ATC offers pollinator education/youth STEM activities to over 500 libraries in Wisconsin and Michigan’s Upper Peninsula
PEWAUKEE – American Transmission Co. wants K-12 students to Grow Smart this summer. The company — in partnership with national gardening expert and author Melinda Myers, the Wisconsin Public Library System and the Upper Peninsula Region of Library Cooperation — is offering free pollinator education and STEM activities for K-12 youth and their families, along with live gardening webinars for adults during June 2022, which is National Pollinator Month.
The programming was made available to over 480 Wisconsin libraries and over 40 libraries in Michigan’s Upper Peninsula. June is National Pollinator Month. The libraries can support the Grow Smart program with their own ideas, book lists and other activities.
Grow Smart for pollinators
Nearly all of the world’s seed plants need pollinators — animals that cause a plant to make fruits or seeds by moving pollen from one part of a plant to another part to fertilize it. Visits from bees, beetles, birds, butterflies and other pollinators result in larger, more flavorful fruits and higher crop yields.
But pollinator populations are decreasing, mainly due to loss of habitat. Grow Smart and add native, pollinator-friendly plants to your yard to aid in their survival. Adding native plants doesn’t require a lot of space or even a lot of effort. Join us at your local library during June to learn more.

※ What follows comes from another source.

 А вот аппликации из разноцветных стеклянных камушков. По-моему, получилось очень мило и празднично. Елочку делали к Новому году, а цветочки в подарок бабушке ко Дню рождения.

Youth videos and activities
ATC and Melinda Myers created three videos and accompanying STEM-based activities for K-12 students that are available through local libraries or at www.atc-GrowSmart.com/library.

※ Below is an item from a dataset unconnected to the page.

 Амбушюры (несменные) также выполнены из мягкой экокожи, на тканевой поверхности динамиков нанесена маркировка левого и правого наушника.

- Making and caring for a bee home
- Native sunflower project
- Growing a pollinator garden in a container
Live webinars for adults
Adults can register for three live webinars hosted by Melinda Myers who want to learn more about how to incorporate pollinators into their gardens and landscaping.
- June 1, 2022, 6:30 p.m. – Creating a pollinator paradise
- June 15, 2022, 7:00 p.m. – Supporting native bees
- June 22, 2022, 6:30 p.m. – Maintaining your landscape with pollinators in mind
Library patrons can register for the webinars at www.atc-GrowSmart.com/library. The webinars will be recorded and available on ATC’s YouTube channel for viewing shortly after the live webinars. View or download the Grow Smart Pollinator Guide for suggestions on a variety of native, pollinator-friendly plants.
ATC’s pollinator habitat support
ATC is uniquely positioned to help establish pollinator habitat because of the over 10,000 miles of transmission line right-of-way we manage. Roughly 40% of the rights-of-way we manage may currently serve as suitable habitat for pollinators and our practices help make these areas suitable for pollinators.
The four-acre native prairie surrounding ATC’s Pewaukee, Wis., headquarters is certified as a native landscape by the Wildlife Habitat Council and we have helped over 30 entities that allow public access to our rights-of-way develop roughly 275 acres of pollinator habitat through our Pollinator Habitat grant program since 2017.